L'absentéisme n'est pas une défaillance individuelle, c'est un symptôme organisationnel. Il exprime une inadéquation entre les exigences du travail et les ressources disponibles. En 2025, la santé mentale a été érigée en Grande Cause nationale _ signe que la puissance publique reconnaît l'ampleur du problème (source : Groupe APICIL, Observatoire des arrêts de travail 2025).

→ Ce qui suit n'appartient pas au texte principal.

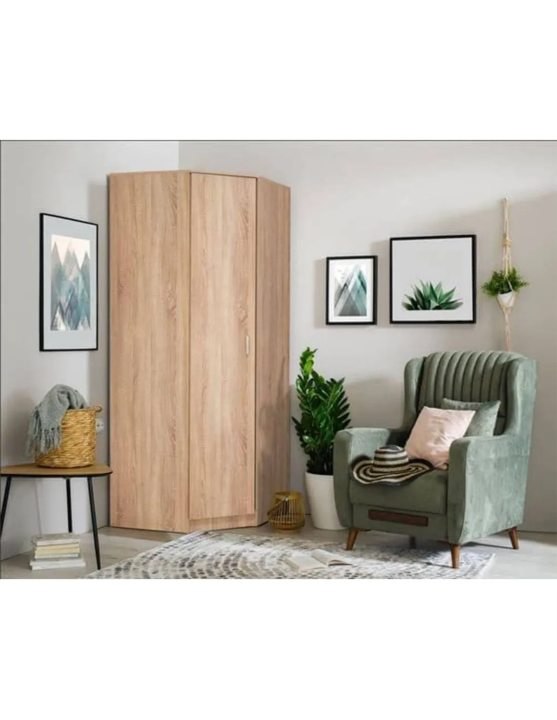 - Thanks to its corner design and neutral Sonoma Oak effect, this wardrobe complements various interior styles, from modern to traditional. It is perfect for bedrooms, guest rooms, or even hallway spaces where extra storage is needed without occupying much floor area. Customers often use it to create a tidy, organised environment while adding a touch of elegance.

Les cinq typologies d'absentéisme
| Type | Durée | Ce qu'il révèle | Levier prioritaire |
| Micro-absentéisme | < 3 jours | Climat social dégradé, management sous tension, charge mal répartie, désengagement — signal RPS le plus sensible. En hausse en 2024 : 21,92 % des arrêts (vs 19,68 % en 2023) | Diagnostic management et conditions de travail — entretien de retour dès le 1er arrêt |
| Court | 3 à 7 jours | Pathologies bénignes, mais si répétés : accumulation de fatigue ou malaise. Les plus fréquents : 39,17 % des arrêts (APICIL 2025) | Entretien de retour systématique, suivi médecin du travail |
| Intermédiaire | 8 à 30 jours | Pathologies plus sérieuses — TMS, RPS, maladie. 24,85 % des arrêts (APICIL 2025) | Visite de pré-reprise, préparation du retour, EPP si applicable |
| Long | 31 à 90 jours | TMS sévères, burnout, dépression — souvent l'aboutissement d'une situation non traitée en amont. 8,93 % des arrêts | Plan de retour structuré, éventuel aménagement de poste |
| Très long | > 90 jours | RPS sévères et TMS chroniques : 5,13 % des arrêts mais poids financier et humain disproportionné. Pathologies psychologiques > 40 % des dossiers de suivi médical (APICIL 2025) | Prévention de la désinsertion professionnelle — dispositifs loi du 2 août 2021 — voir article #17 |
💡 Le micro-absentéisme : l'indicateur RPS le plus sensible - Des arrêts courts et répétés (< 3 jours) révèlent souvent un malaise au travail — désengagement, surcharge, tensions managériales — avant d'aboutir à un arrêt long. En 2024, la part des arrêts de moins de 3 jours a progressé à 21,92 % des arrêts (vs 19,68 % en 2023), signalant une dégradation du micro-absentéisme. Source : APICIL / Groupe JLO — Observatoire des arrêts de travail 2025
#2
Les données 2024 — sources officielles
Les données ci-dessous proviennent exclusivement de sources officielles ou institutionnelles françaises, publiées en 2025 sur les données 2024.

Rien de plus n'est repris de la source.